Funnily enough, I never planned any of these in advance, but each time I went through a life event that burnt through my soul, a design so relevant it's actually scary, just crossed my path as if sent! They are all there to celebrate what I went through - not in a negative way, but to remind myself that I'm OK and stronger.
My first tattoo was inspired by the movie “Into the Wild”, a true story about Chris McCandless, an American hiker and traveler who was also known as "Alexander Supertramp". He went on a quest thinking he would experience true happiness when alone in the wild. Unfortunately he realized too late, while dying alone in Alaska, that to be truly happy, you need to share it with the people you love. Thus his quote “Happiness can only be shared with the people you love”.
I will never forget my second tattoo. It was my 21st birthday, and was given a voucher for a tattoo as a gift. The meaning and placement of this tattoo was prompted during a very difficult time in my life when I tried to cope with issues by self-harm: cutting myself on my left wrist. I stopped with that a few months before my 21st birthday and fortunately the wounds had healed, but left some scars. I accidentally stumbled upon an image which had a very deep meaning to me… "BEAUTIFUL MISTAKES" and had this tattooed on my left wrist to cover the scars. At that time, it was exactly how I saw my past ... a beautiful mistake! If I had not gone through the issues and drama that I did, I would not be the strong person I am today.

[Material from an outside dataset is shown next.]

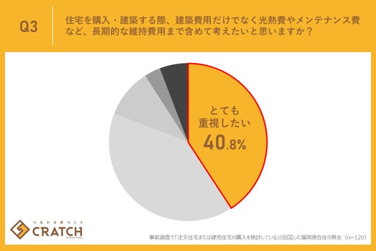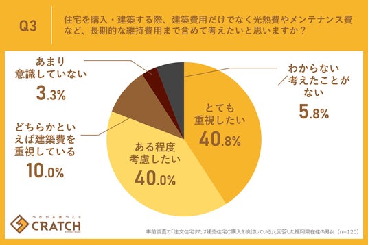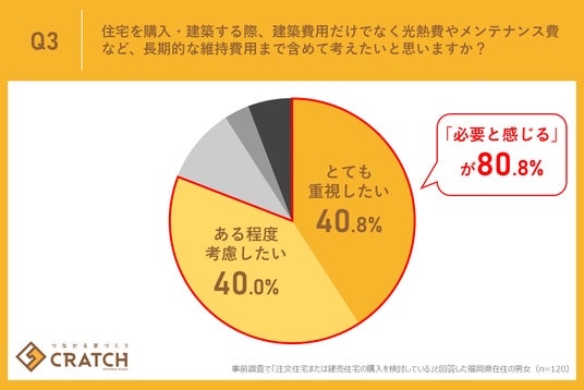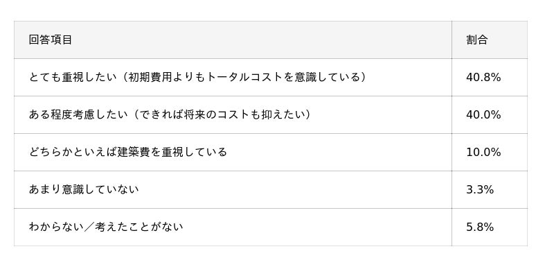 今回の調査で「住宅を購入・建築する際、建築費用だけでなく光熱費やメンテナンス費など、長期的な維持費用まで含めて考えたいと思いますか?」と質問したところ、「とても重視したい」が40.8%、「ある程度考慮したい」が40.0%となり、合計で80.8%もの人々が、目先の建築費だけで判断するのではなく、将来発生しうる費用を視野に入れた家選びを望んでいることが判明しました。

One of the coolest experiences of my life was when I traveled to Thailand a few years ago. Here they still practice the art of traditional bamboo tattoos, and I simply had to have one!
I had always wanted a cherry blossom tattoo, therefore it was so absolutely appropriate to get it done there and then!
I had a rough idea of what I wanted and tried to explain it to the artist. The owner had to do some serious translation as the artist couldn't understand or speak much English. Fortunately my idea didn't get lost in translation! This guy was so talented that he drew his own design from scratch!

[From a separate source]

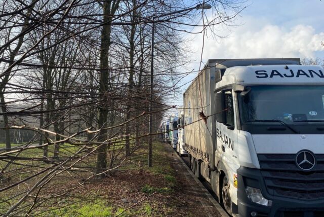 Die Hunderte Meter lange Lkw-Reihe im Emscherbruch ist eine Sache, der Müll, der in den Grünstreifen (links) fliegt, eine andere. © Joachim Schmidt

Earlier this year I decided to extend the tattoo somewhat. Obviously it wasn't possible to head back to Thailand for that (I wish), so a local artist and I designed something to combine the two, even though the styles are completely different. I love it!

Something so different and special!
Life can throw you so many curve balls that sometimes you just can’t deal with it all...
One of my very close friends became seriously ill. We couldn’t grasp how somebody of our age could have so much physical pain that he had to use alcohol and other substances just to get through the day.
His passing away was a huge shock and in that moment changed how I see and experience life. That life can sometimes be just one big fuck up. “SO IT GOES”. That was it... you never know what can happen to you at any given time of your life. It saddens me that you have to go through life with that mind set, but if you don’t, then you my friend, are living in denial!

I went through a very tough time after the breakup of an eight year relationship. I thought it was the end of my life and that I would never be able to live without this person.
So another tattoo "happened"... The tattoo is a ECG where my heart beat flat-lines, symbolizing the end of the relationship. The semicolon started as a mental health support group for people that suffer from depression, anxiety and suicidal tendencies. I chose the semicolon and NOT the full stop... and my heart started beating again... LIVE LIFE!

The newest addition is extremely close to my heart...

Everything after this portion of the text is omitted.